In some embodiments, data cleaning is performed on sample texts in the sample text set to obtain a cleaned text set, including: for each sample text in the sample text set, performing word segmentation on the sample text to obtain a word sequence corresponding to the sample text; and extracting key words from the obtained word sequence to be used as cleaned texts corresponding to the sample texts.
In some embodiments, extracting key terms from the obtained term sequence as a cleaned text corresponding to the sample text includes: and taking the words except the stop words, the characters and the numbers in the obtained word sequence as key words to obtain the cleaned text corresponding to the sample text.
In some embodiments, selecting the cleaned text from the cleaned text set as a training text to obtain a training text set, including: determining the extraction probability corresponding to the cleaned text of the same sample type in the cleaned text set; and extracting the cleaned text as a training text according to the corresponding extraction probability from the cleaned text under each sample category to obtain a training text set.
In some embodiments, after training the text classification model, the method further comprises: acquiring a test text set, wherein the test texts in the test text set correspond to pre-labeled label category information; determining feature data of each test text in the test text set; inputting each obtained feature data into a text classification model to obtain text classification information; determining the classification accuracy of the text classification model based on the obtained text classification information and the label classification information; in response to determining that the classification accuracy is less than or equal to the preset accuracy threshold, the text classification model is retrained.
In a second aspect, an embodiment of the present application provides a data normalization method, including: acquiring data to be classified, wherein the data to be classified comprises a description field; cleaning the description field to obtain a cleaned text; determining feature data of the cleaned text; inputting the characteristic data into a pre-trained text classification model to obtain class information of the data to be classified, wherein the text classification model is obtained by pre-training based on the method described in any embodiment of the first aspect; and based on the category information, carrying out standardization processing on the data to be classified to obtain standardized data.

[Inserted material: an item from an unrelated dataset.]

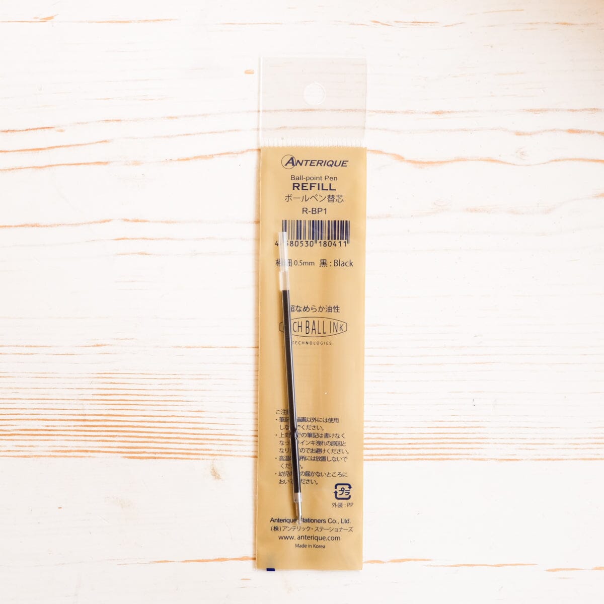 Ballpoint pens in the past used "sticky" ink, but Anterique's oil-based ballpoint pens use "ultra-low-viscosity ink" (Mach ball ink). Ultra-low-viscosity is ink that is "smooth" and easy-flowing like salad oil. When using "smooth" ink, an ordinary pen tip will have ink leakage, so it must be combined with an ultra-precisely processed pen tip. Anterique ballpoint pens use a pen tip with a built-in spring to precisely control the flow of ink for a very crisp, non-smudging, ultra-fine .5mm line. This is the secret to smooth writing!
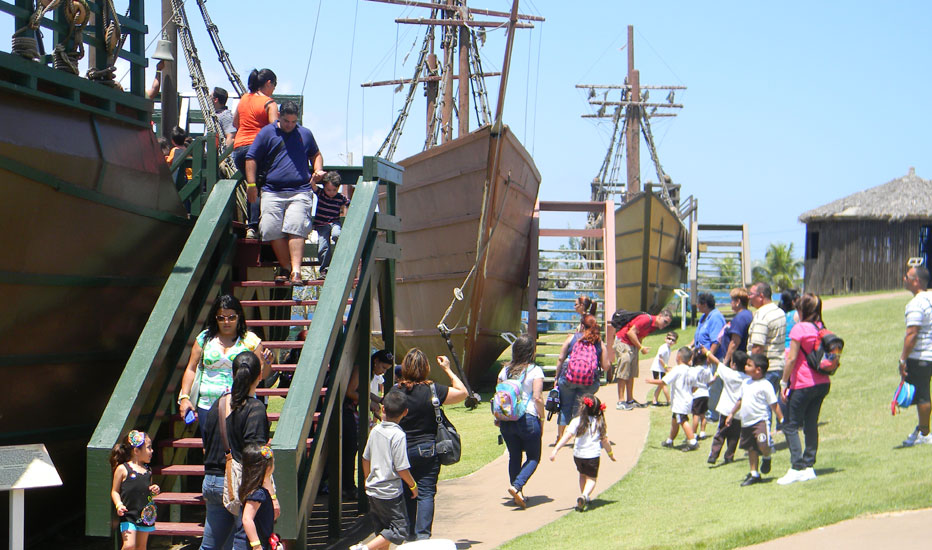 Welcome to the Spanish Conquest representation. Here you will find the Niña, the Pinta and the Santa María built at one-third of its original size. All ships are ready to be boarded. Here you will appreciate its design, different types of food used on those trips across the ocean and learn a little bit more about Christopher Columbus's life.

In a third aspect, an embodiment of the present application provides an apparatus for generating a text classification model, where the apparatus includes: the device comprises a first acquisition module, a second acquisition module and a third acquisition module, wherein the first acquisition module is used for acquiring a sample text set, and sample texts in the sample text set correspond to pre-labeled sample category information; the cleaning module is used for cleaning the data of the sample texts in the sample text set to obtain a cleaned sample set; the selection module is used for selecting the cleaned text from the cleaned text set as a training text to obtain a training text set; the first determination module is used for determining the characteristic data of each training text in the training text set; and the first training module is used for taking the obtained feature data as input, taking the sample class information corresponding to the input feature data as expected output, and training to obtain the text classification model.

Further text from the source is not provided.